------ DATA EXCERPTS ------
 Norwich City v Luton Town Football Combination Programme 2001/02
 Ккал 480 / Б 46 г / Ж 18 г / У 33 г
------
------ DATA EXCERPTS ------
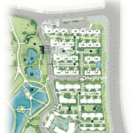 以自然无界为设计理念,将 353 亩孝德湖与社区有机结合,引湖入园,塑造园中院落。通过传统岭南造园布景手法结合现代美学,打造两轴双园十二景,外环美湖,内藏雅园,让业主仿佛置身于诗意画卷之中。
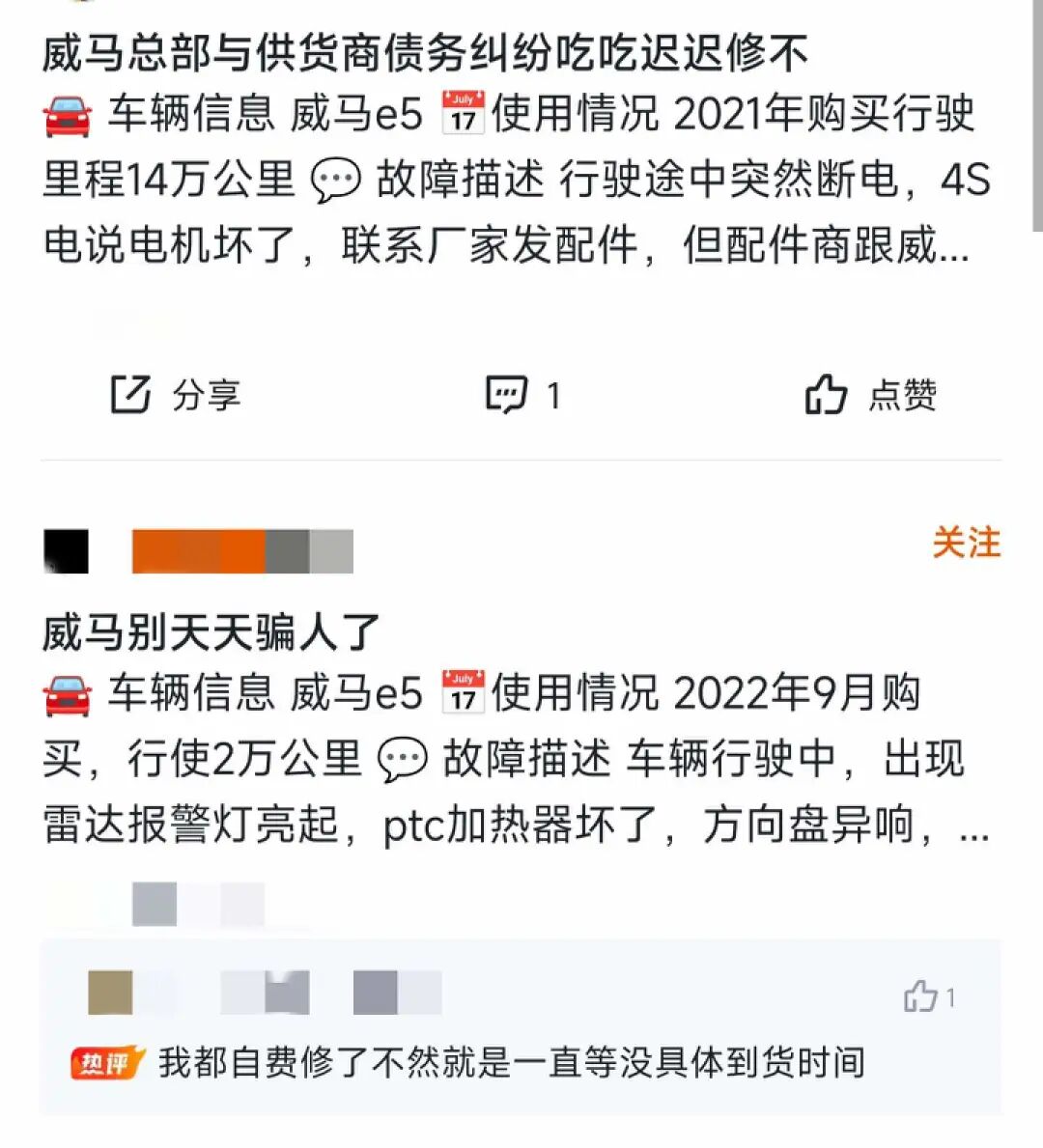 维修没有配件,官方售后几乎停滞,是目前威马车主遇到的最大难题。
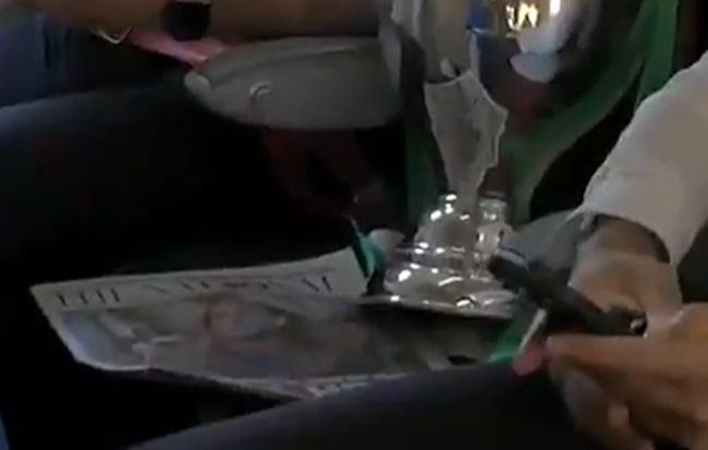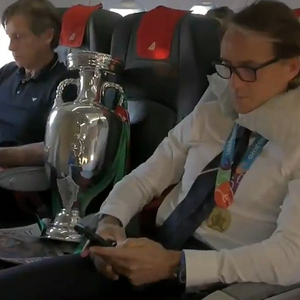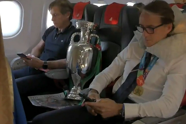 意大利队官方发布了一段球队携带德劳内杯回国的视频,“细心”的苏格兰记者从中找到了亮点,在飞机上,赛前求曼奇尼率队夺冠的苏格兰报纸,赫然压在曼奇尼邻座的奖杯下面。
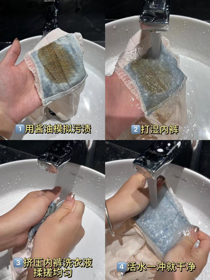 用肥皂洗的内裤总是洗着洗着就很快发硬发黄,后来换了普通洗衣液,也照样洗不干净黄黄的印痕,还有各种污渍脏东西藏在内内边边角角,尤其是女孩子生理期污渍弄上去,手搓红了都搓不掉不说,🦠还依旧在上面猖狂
------
------ DATA EXCERPTS ------
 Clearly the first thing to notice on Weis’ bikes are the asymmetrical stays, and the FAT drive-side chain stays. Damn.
------
▶ YOUR GOAL
In the listing above, find the line with "意大利队官方发布了一段球队携" and the line with "用肥皂洗的内裤总是洗着洗着就". Copy exactly those two and every line between, without the pictures.

▶ EXERCISE RESPONSE
 意大利队官方发布了一段球队携带德劳内杯回国的视频,“细心”的苏格兰记者从中找到了亮点,在飞机上,赛前求曼奇尼率队夺冠的苏格兰报纸,赫然压在曼奇尼邻座的奖杯下面。
 用肥皂洗的内裤总是洗着洗着就很快发硬发黄,后来换了普通洗衣液,也照样洗不干净黄黄的印痕,还有各种污渍脏东西藏在内内边边角角,尤其是女孩子生理期污渍弄上去,手搓红了都搓不掉不说,🦠还依旧在上面猖狂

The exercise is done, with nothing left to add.